EXERCISE INPUTS:
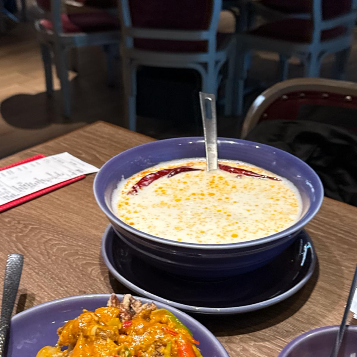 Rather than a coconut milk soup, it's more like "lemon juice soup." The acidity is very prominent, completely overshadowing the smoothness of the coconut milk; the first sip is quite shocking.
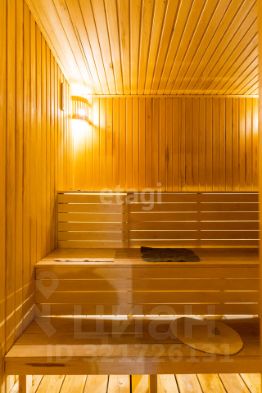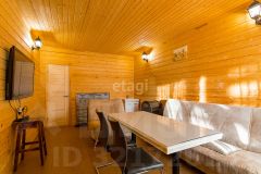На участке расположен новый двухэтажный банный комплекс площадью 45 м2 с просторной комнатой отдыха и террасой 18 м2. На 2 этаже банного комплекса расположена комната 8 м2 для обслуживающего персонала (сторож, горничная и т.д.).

* * *

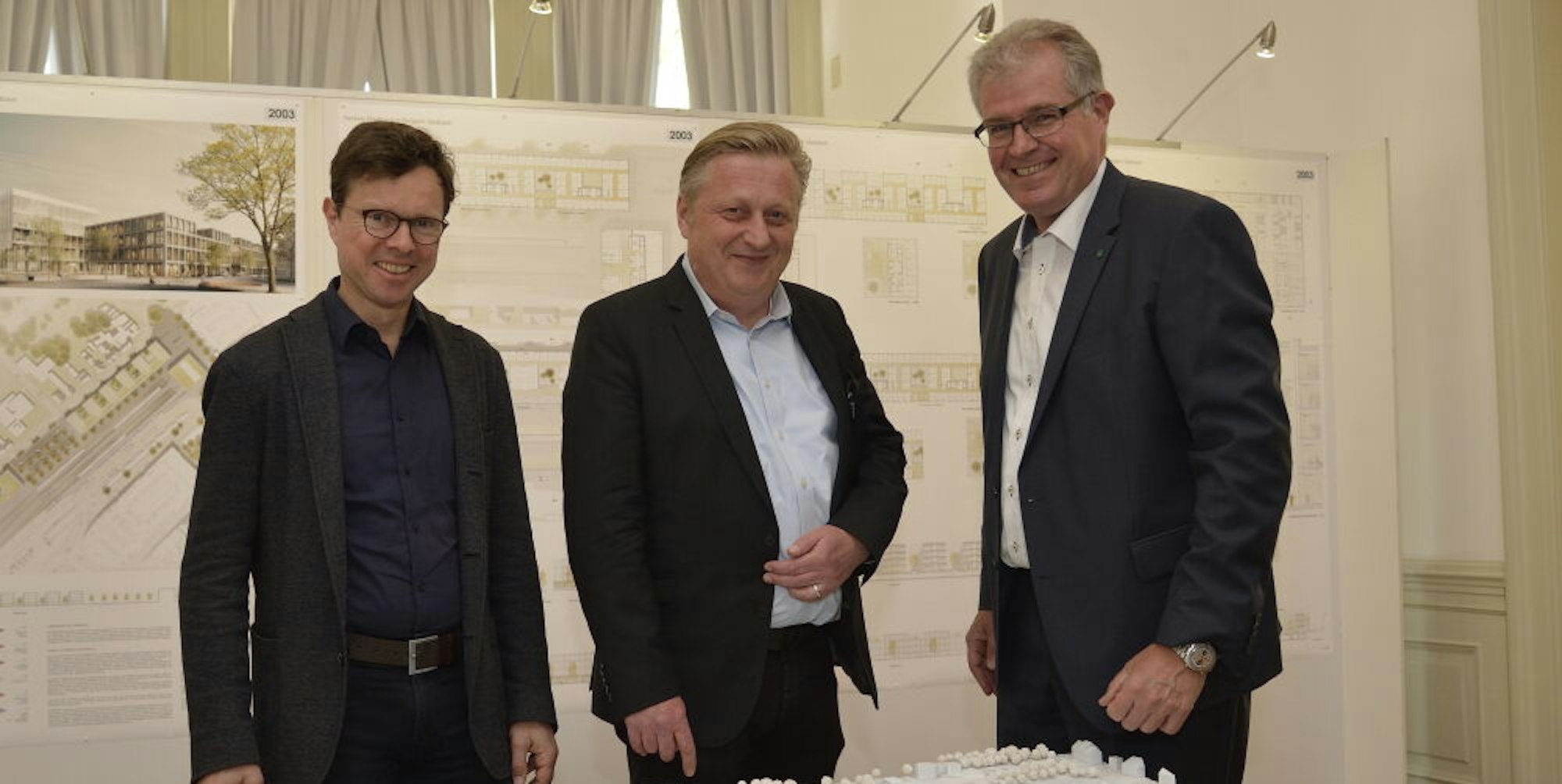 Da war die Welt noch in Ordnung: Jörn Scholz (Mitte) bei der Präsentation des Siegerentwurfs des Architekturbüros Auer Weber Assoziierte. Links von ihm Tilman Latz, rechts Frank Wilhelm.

WHAT YOU WILL DO:
Reproduce exactly, with no pictures, the lines above from the one holding "Rather than a" to the one holding "На участке расположен", inclusive.

SOLUTION TO THIS EXERCISE:
 Rather than a coconut milk soup, it's more like "lemon juice soup." The acidity is very prominent, completely overshadowing the smoothness of the coconut milk; the first sip is quite shocking.
На участке расположен новый двухэтажный банный комплекс площадью 45 м2 с просторной комнатой отдыха и террасой 18 м2. На 2 этаже банного комплекса расположена комната 8 м2 для обслуживающего персонала (сторож, горничная и т.д.).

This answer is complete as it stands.